Source material START
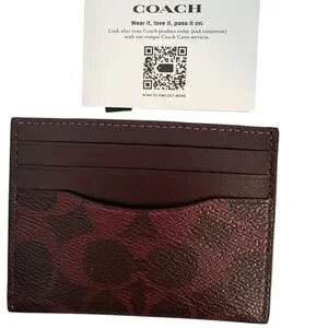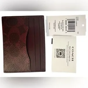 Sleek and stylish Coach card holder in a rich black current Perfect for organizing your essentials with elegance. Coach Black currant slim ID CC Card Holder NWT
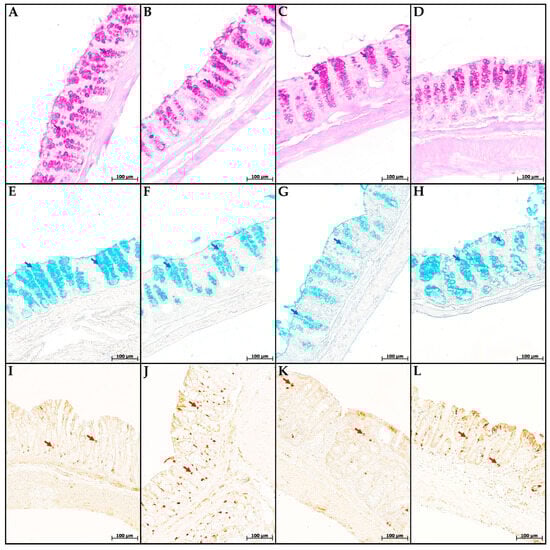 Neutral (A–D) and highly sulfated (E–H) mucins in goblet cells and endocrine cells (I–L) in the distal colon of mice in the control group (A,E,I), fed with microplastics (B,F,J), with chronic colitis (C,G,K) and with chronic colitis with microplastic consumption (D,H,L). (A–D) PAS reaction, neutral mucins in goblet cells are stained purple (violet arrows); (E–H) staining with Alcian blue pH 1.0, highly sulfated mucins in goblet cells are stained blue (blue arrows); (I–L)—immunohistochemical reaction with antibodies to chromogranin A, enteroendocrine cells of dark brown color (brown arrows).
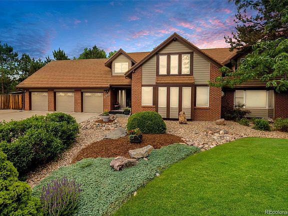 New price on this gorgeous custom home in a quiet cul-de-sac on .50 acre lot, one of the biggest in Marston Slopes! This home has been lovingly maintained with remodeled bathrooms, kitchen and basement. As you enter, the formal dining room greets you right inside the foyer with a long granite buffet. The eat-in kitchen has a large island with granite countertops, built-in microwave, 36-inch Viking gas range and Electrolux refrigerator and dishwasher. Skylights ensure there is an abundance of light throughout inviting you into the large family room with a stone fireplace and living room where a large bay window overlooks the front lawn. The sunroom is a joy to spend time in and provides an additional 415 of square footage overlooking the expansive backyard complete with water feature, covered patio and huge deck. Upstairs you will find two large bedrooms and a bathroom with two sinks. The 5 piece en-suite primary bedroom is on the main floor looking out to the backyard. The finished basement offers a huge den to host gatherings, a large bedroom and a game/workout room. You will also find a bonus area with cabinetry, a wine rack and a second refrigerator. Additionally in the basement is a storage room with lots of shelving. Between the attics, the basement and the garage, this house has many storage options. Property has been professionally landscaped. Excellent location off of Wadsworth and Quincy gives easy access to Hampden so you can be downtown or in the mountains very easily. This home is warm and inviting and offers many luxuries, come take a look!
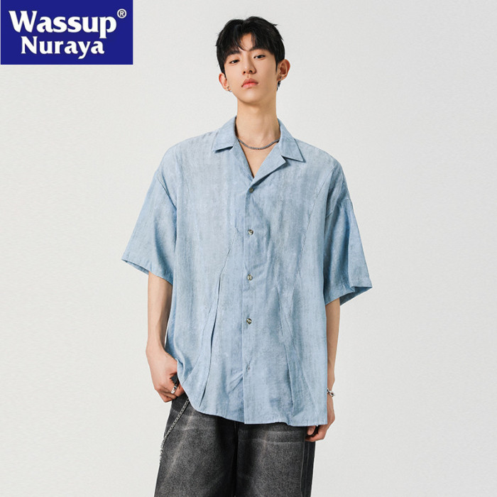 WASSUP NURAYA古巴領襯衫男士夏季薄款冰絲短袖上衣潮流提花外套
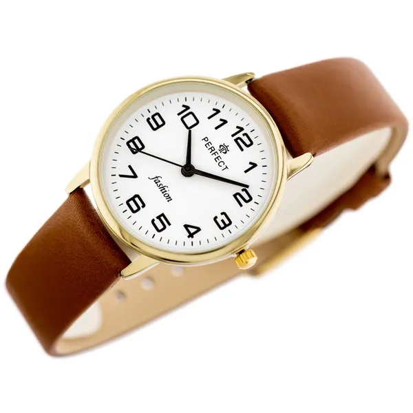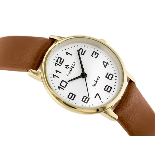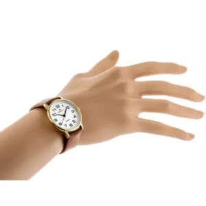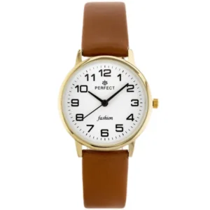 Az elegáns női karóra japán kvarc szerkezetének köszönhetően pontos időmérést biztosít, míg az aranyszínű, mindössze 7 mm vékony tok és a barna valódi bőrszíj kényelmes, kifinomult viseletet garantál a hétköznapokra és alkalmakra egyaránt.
Source material END
Reproduce every entry exactly, but omit each picture.

### Answer
 Sleek and stylish Coach card holder in a rich black current Perfect for organizing your essentials with elegance. Coach Black currant slim ID CC Card Holder NWT
 Neutral (A–D) and highly sulfated (E–H) mucins in goblet cells and endocrine cells (I–L) in the distal colon of mice in the control group (A,E,I), fed with microplastics (B,F,J), with chronic colitis (C,G,K) and with chronic colitis with microplastic consumption (D,H,L). (A–D) PAS reaction, neutral mucins in goblet cells are stained purple (violet arrows); (E–H) staining with Alcian blue pH 1.0, highly sulfated mucins in goblet cells are stained blue (blue arrows); (I–L)—immunohistochemical reaction with antibodies to chromogranin A, enteroendocrine cells of dark brown color (brown arrows).
 New price on this gorgeous custom home in a quiet cul-de-sac on .50 acre lot, one of the biggest in Marston Slopes! This home has been lovingly maintained with remodeled bathrooms, kitchen and basement. As you enter, the formal dining room greets you right inside the foyer with a long granite buffet. The eat-in kitchen has a large island with granite countertops, built-in microwave, 36-inch Viking gas range and Electrolux refrigerator and dishwasher. Skylights ensure there is an abundance of light throughout inviting you into the large family room with a stone fireplace and living room where a large bay window overlooks the front lawn. The sunroom is a joy to spend time in and provides an additional 415 of square footage overlooking the expansive backyard complete with water feature, covered patio and huge deck. Upstairs you will find two large bedrooms and a bathroom with two sinks. The 5 piece en-suite primary bedroom is on the main floor looking out to the backyard. The finished basement offers a huge den to host gatherings, a large bedroom and a game/workout room. You will also find a bonus area with cabinetry, a wine rack and a second refrigerator. Additionally in the basement is a storage room with lots of shelving. Between the attics, the basement and the garage, this house has many storage options. Property has been professionally landscaped. Excellent location off of Wadsworth and Quincy gives easy access to Hampden so you can be downtown or in the mountains very easily. This home is warm and inviting and offers many luxuries, come take a look!
 WASSUP NURAYA古巴領襯衫男士夏季薄款冰絲短袖上衣潮流提花外套
 Az elegáns női karóra japán kvarc szerkezetének köszönhetően pontos időmérést biztosít, míg az aranyszínű, mindössze 7 mm vékony tok és a barna valódi bőrszíj kényelmes, kifinomult viseletet garantál a hétköznapokra és alkalmakra egyaránt.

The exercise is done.